The point is....It's not about breaking laws... Turk laws are not applied country wide "all on the same page" that each region's Customs dept staff apply the rules to suit there own agenda...that they are corrupt and use they powers for their personal gain and if your not aware of that then you must have lived in a vacuum sealed bubble in Turkey.

Case of point: 2007, a French flagged newly delivered EU built yacht moored in a bay had a fuel discharge from a moored and aging gulet drift down on it. The fuel spill caused by careless crew on the gulet but the spill was photographed by Turk CG, the yacht and family arrested. Fuel samples from the spill and yacht were 'lost' the owner fined 45.000.00Euro paid so he could reposes his yacht and leave Turkey.


----------



## belgarath (Jul 15, 2011)

Even though there is a high percentage of corruption among public servants (no one denies that), marking everyone in such a way "they are corrupt" is simply misleading.

I believe there is more to that "yacht" story, since it is impossible to arrest people on a "fuel discharge" charge. 

Plus, if the samples from the spill were "lost", how could they be fined without a court decision, given the lack of evidence ? I suppose these Frenchmen had spilled something else besides the fuel.

There are thousands of yachts moored in Turkish waters and hundreds of thousands of foreigners owning houses and property. I am sorry but your original post simply misleads people to believe that there is no law protecting them.


----------



## vona62 (Oct 4, 2009)

belgarath said:


> Even though there is a high percentage of corruption among public servants (no one denies that), marking everyone in such a way "they are corrupt" is simply misleading.
> 
> I believe there is more to that "yacht" story, since it is impossible to arrest people on a "fuel discharge" charge.
> 
> ...


Your'e badly mis-informed, anyone can be arrested with their boat for a fuel spill or any pollusion of Turkeys waters, including discharge of blackwater in a harbour (but Turk gulet capt aren't) you can be fined 1000euro for washing a yacht with detergent not approved for use in marinas, harbours, etc. 
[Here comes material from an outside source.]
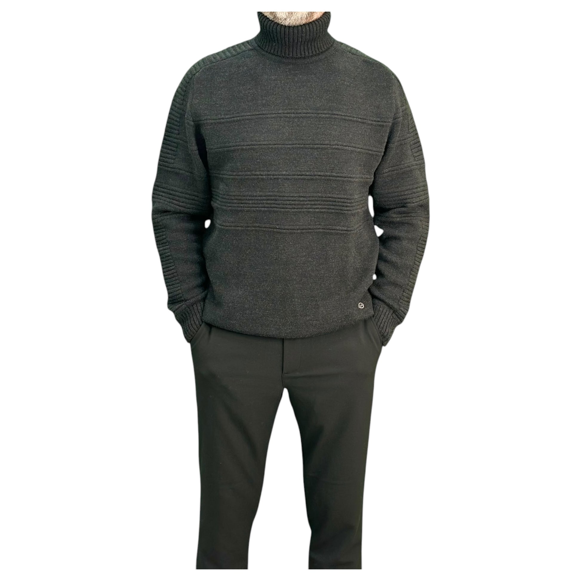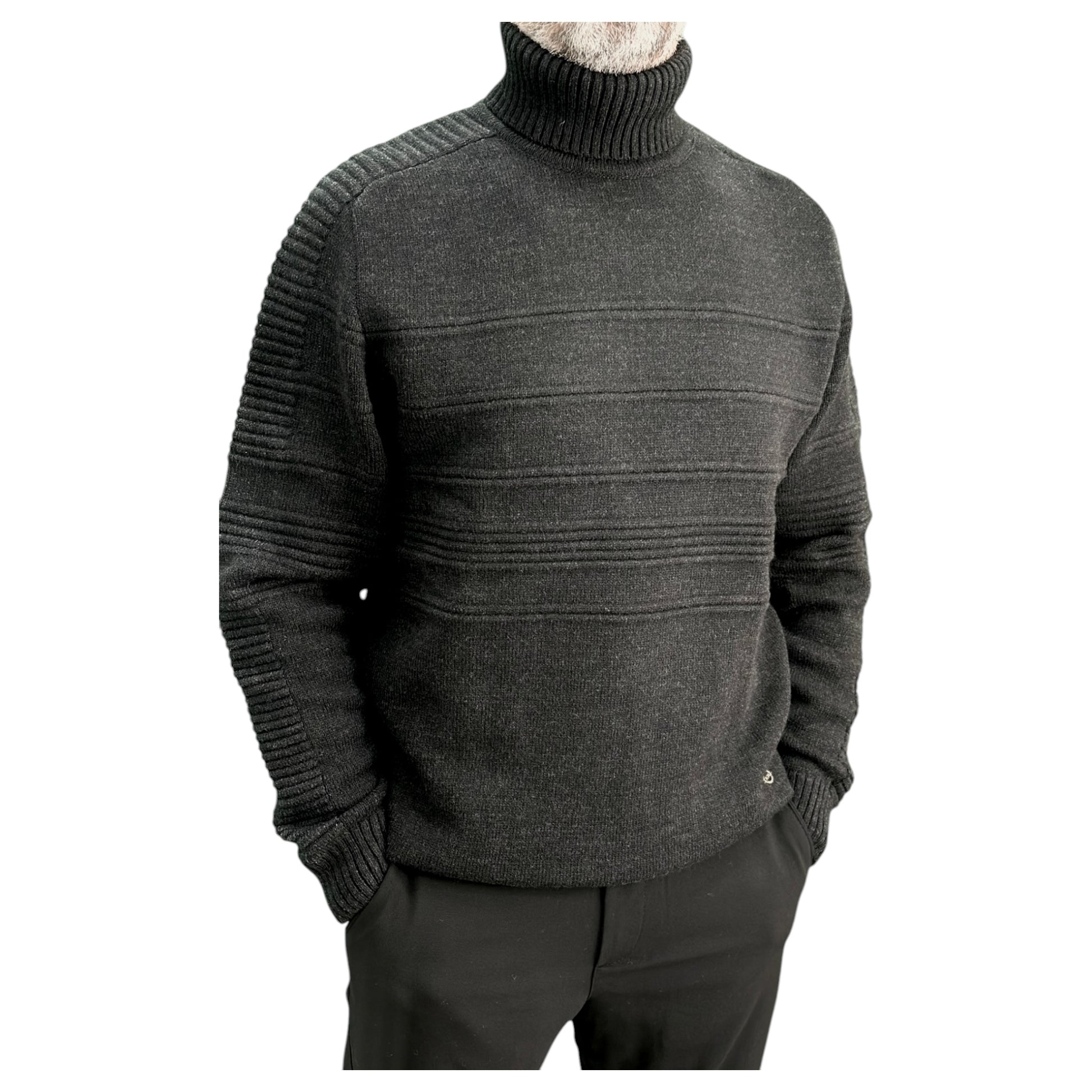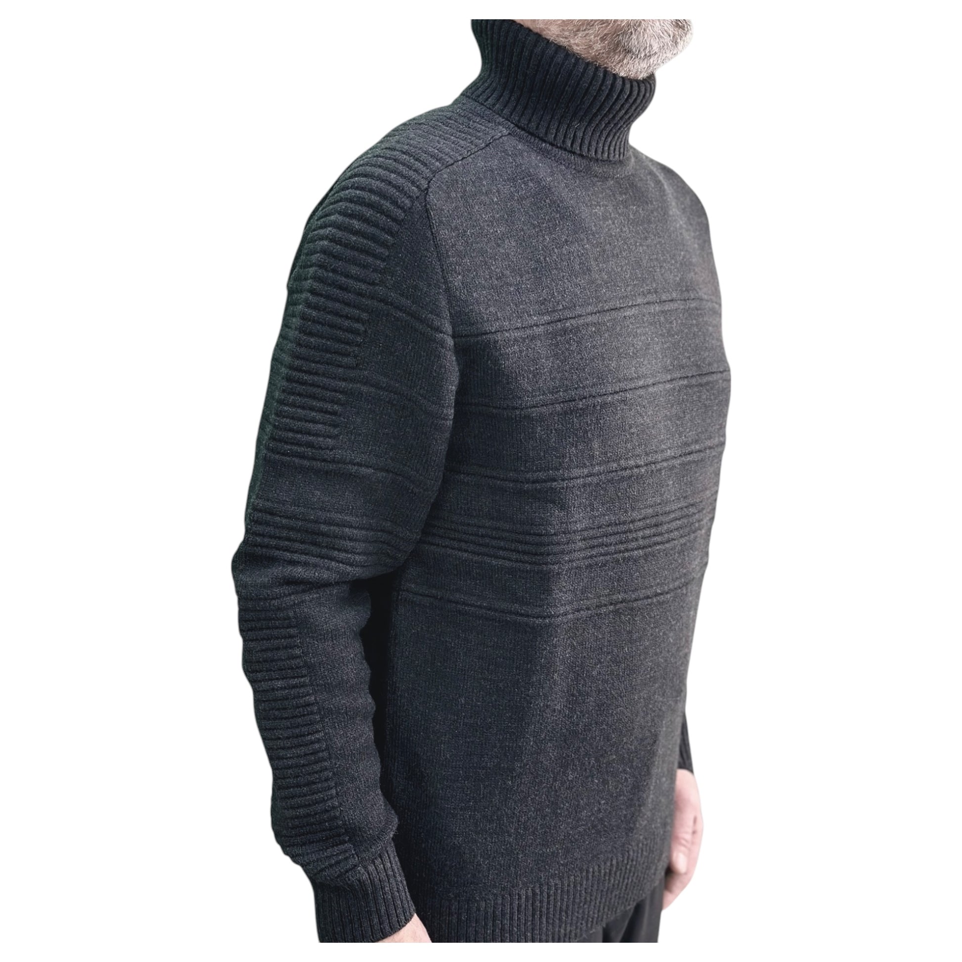 Dark Gray Men's Chunky Turtleneck Sweater -100% Real Wool

I lived in Turkey for 3 years, in Bodrum, Antalya and Tuzla and I have no illussions as to the dishonesty the prevails whenever a Turk sees an expat "opportunity".

Like the guys that sell their 'skill' levels to visiting yacht owner, take a deposit for work and dissapear or like the boatyards that continually scam the foreign buyers on materials or quality such as the 35m yacht built for one of my clients.

Following completion/sea trials the boatyard was given a list of warranty defects by me and non compliant rework reqd by the independent surveyor to attend to, the yard complied then when the $5m yacht was again launched the boatyard issued a 70.000euro invoice for work undertaken knowing it would be refused.

So they then posted a liein against the vessel to prevent it leaving, its called blackmail in any other country. The owner was forced to place the funds in bond to the court or risk having the yacht stalemate in Turkey for 2 years before courts heard the case while loosing thousands of dollars pre booked charter biz in Canaries. Thats just one of many so suggest you dont try to BS about the realities of ownership/business in Turkey.

I'll ask friends to post their personal horror stories about dealing with home builders that scammed on materials, wouldn't redo shoddy work, or those that after buying property discovered that some of the family hadn't agreed to selling so the foreigner losses his money, but its never the Turk loosing money. 

British females marrying Turks then get dumped after the wife purchase house, business, car, and Turk got a UK passport but no one told the Brit female that under Turk law she has absolutely no rights at all, so Turk gets all plus his Turk girlfriend moves in.

You were saying...


----------



## belgarath (Jul 15, 2011)

I was saying : there are foul and corrupt people everywhere, but you're just labeling an entire country being dishonest : "whenever a Turk sees an expat "opportunity".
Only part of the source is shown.